It means the page didn't load completely. Actually, come to think of it, I saw it probably three times in a row on http://maps/ . I hit reload, and it me to one of the subframes (which I found really bizarre). I tried to load maps/ again, and it showed empty frames.
I've also run into this bug a couple of times on today's branch build. And every time it happens, the statusbar says "Read [path-containing-my-profile's-NewCache-directory]"
back to me for more investigation...
Assignee: gagan → dougt
I have tried everything listed in this bug but still can not reproduce this problem. Does ANYONE have a debug build of either the branch or trunk that they can reproduce this on? If you do, can I try reproducing at your desk?
Is it possible another recent fix has also fixed this bug?

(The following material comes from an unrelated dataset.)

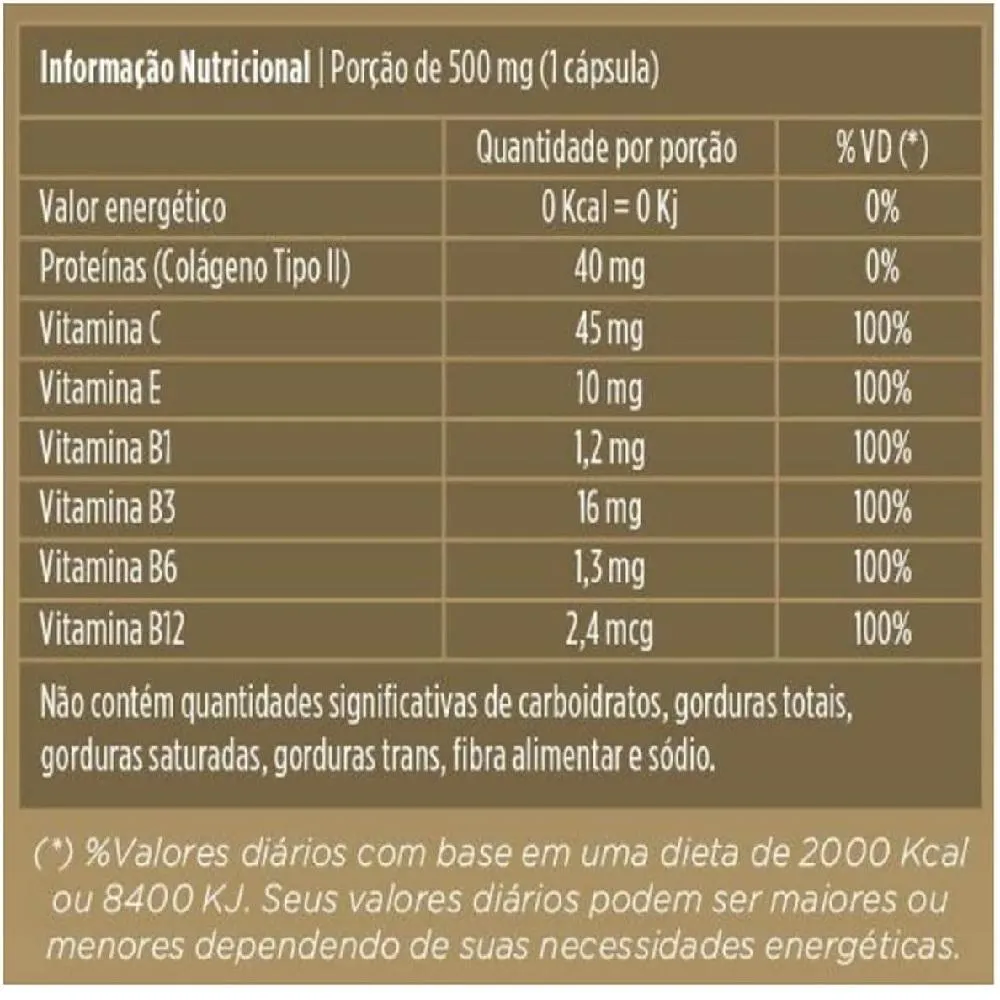 - Combina colágeno tipo 2 e vitaminas essenciais.

Whiteboard: [critical for 0.9.2.1][PDT+] Fixed on trunk, but not sure why. Need investigation. → [critical for 0.9.2.1][PDT+] can't dup on branch?
No because blake can still reproduce pages not loading on a build from two days ago. There is a real bug here, but we don't know what the conditions are which trigger the problem.

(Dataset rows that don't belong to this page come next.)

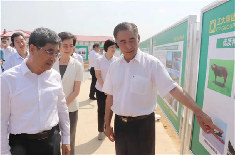 陕西省农牧厅、咸阳市委、中国银行、正大集团相关领导一起推动投产仪式杆,并一起参观了永寿项目展板及正大猪舍。
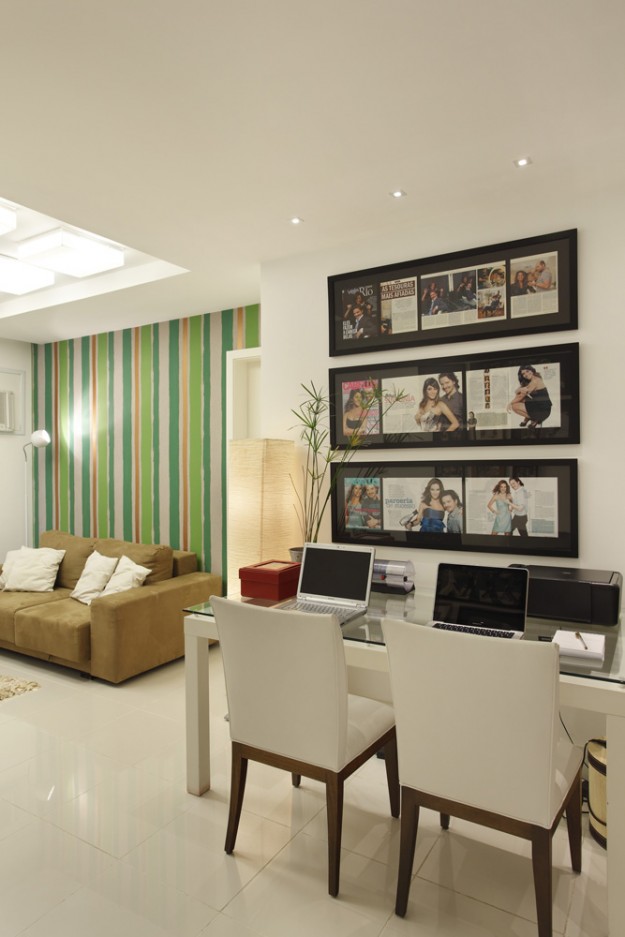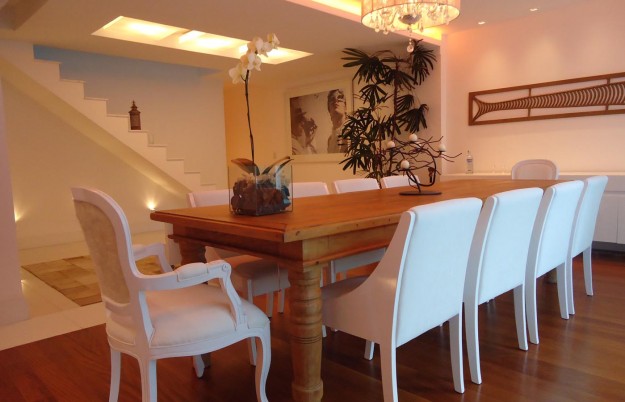 Nesta cobertura de dois pavimentos o arquiteto trabalhou com tons terrosos e aproveitou materiais como o piso da sala de jantar, onde originalmente havia dois quartos. O piso original do prédio era feito com tábuas de 10 cm de peroba mica, que foram transformadas por Thoni Litsz em um tapete para abrigar a mesa e as cadeiras.…
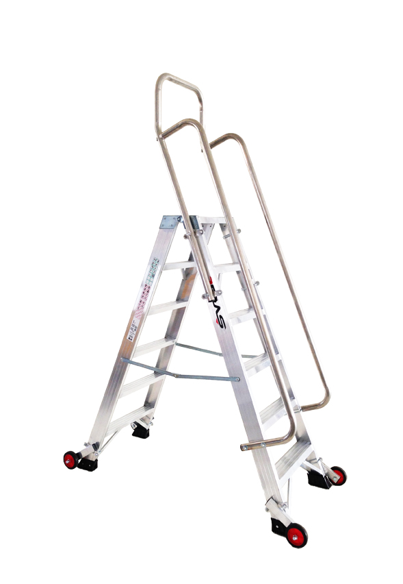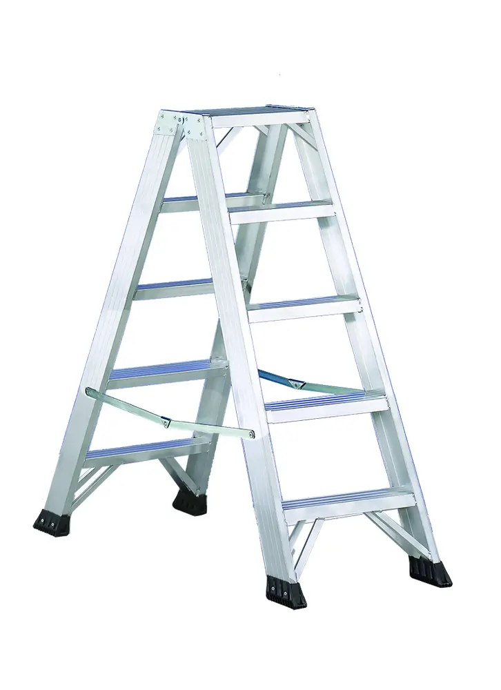 Escalera de tijera de uso profesional, fabricada en aluminio nervado. Los peldaños están soldados a los montantes dando lugar a una estructura sólida y resistente. La plataforma cuenta como peldaño.
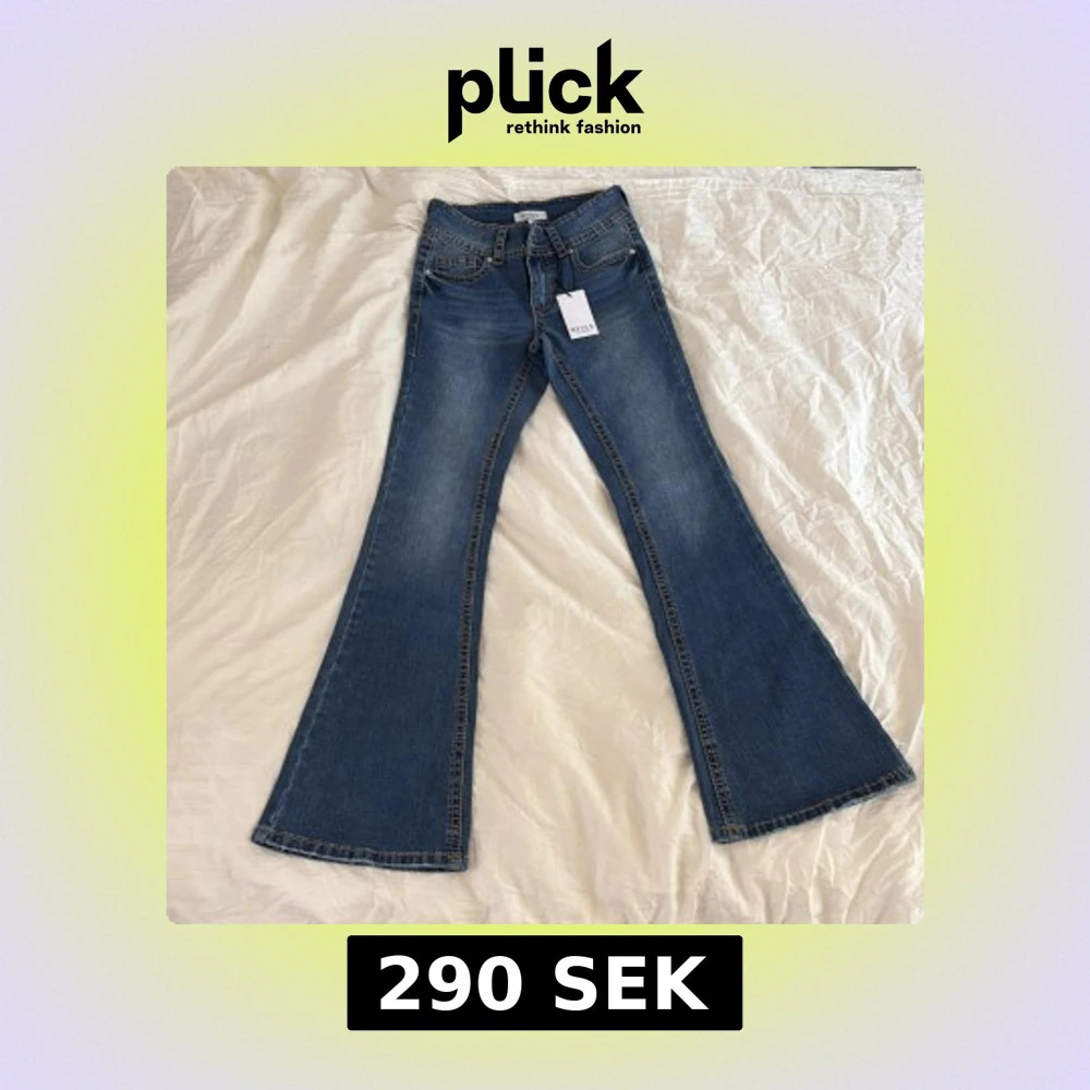 Snygga blå jeans från RYVLS med bootcut-modell och markerade kontrastsömmar. Klassisk femficksdesign med ficklock och knappar bak.

the subversion.tigris.org page no longer shows this problem in 0.9.2, even though it used to. The xbl demo in the 07/10/01 13:14 attachment is repeatable in 0.9.2, but not in a current trunk build. However, it has a charset tag.... dougt - what if you back out vidur's fix, and then look at that page (and I have a list of others from the beta feedback which are no longer reproducable, but were with 0.9.2)? That way we could see if that patch actually fixed it, or just hid the problem in most cases. If the later, that would allow us to at least reproduce the problem and maybe fix it. Yes, I'm clutching at straws. I spend most of monday morning trying to reproduce this, and failing. Can people who see this bug please give a URL, even if its not repeatable?
I have pinged the two nscp'ers that reported problems here. I hope to get some driving time on their machines.
ignore that last patch. (it should have been bar, not foo... :-) )
'fixed' on trunk: Checking in nsCacheService.cpp; /cvsroot/mozilla/netwerk/cache/src/nsCacheService.cpp,v <-- nsCacheService.cpp new revision: 1.53; previous revision: 1.52 done Checking in nsMemoryCacheDevice.cpp; /cvsroot/mozilla/netwerk/cache/src/nsMemoryCacheDevice.cpp,v <-- nsMemoryCacheDevice.cpp new revision: 1.34; previous revision: 1.33 done Lets see if anyone can reproduce this problem on tomorrows build.
worksforme on win2k sp2 with build 2001071704
Fixed checked in on branch: Checking in nsCacheService.cpp; /cvsroot/mozilla/netwerk/cache/src/nsCacheService.cpp,v <-- nsCacheService.cpp new revision: 1.49.12.2; previous revision: 1.49.12.1 done Checking in nsMemoryCacheDevice.cpp; /cvsroot/mozilla/netwerk/cache/src/nsMemoryCacheDevice.cpp,v <-- nsMemoryCacheDevice.cpp new revision: 1.31.28.1; previous revision: 1.31 done
Updated whiteboard. Thanks for the patch!!! I see checkin comments for both trunk and branch. Shouldn't this be closed fixed so QA knows to attack it?
Whiteboard: [critical for 0.9.2.1][PDT+] can't dup on branch? → [PDT+] fixed on branch & trunk
Another testcase would be http://www.world-direct.com/mozilla-table-bug-testcase/index2.html just reload the page a few times and you see the "effect". as reported in bug 90482. There are a few others around reporting the same behaviour like 82946.
A more simplified testcase is available at http://www.world-direct.com/mozilla-table-bug-testcase/
Keywords: testcase
WFM on Mozilla/5.0 (Windows; U; Win98; en-US; rv:0.9.2+) Gecko/20010718 in W98 the pages renders completly without any text or tables missing, even if i reload the page still is render completly. The test case provided in the comment below works for me too see my comment on bug 90482.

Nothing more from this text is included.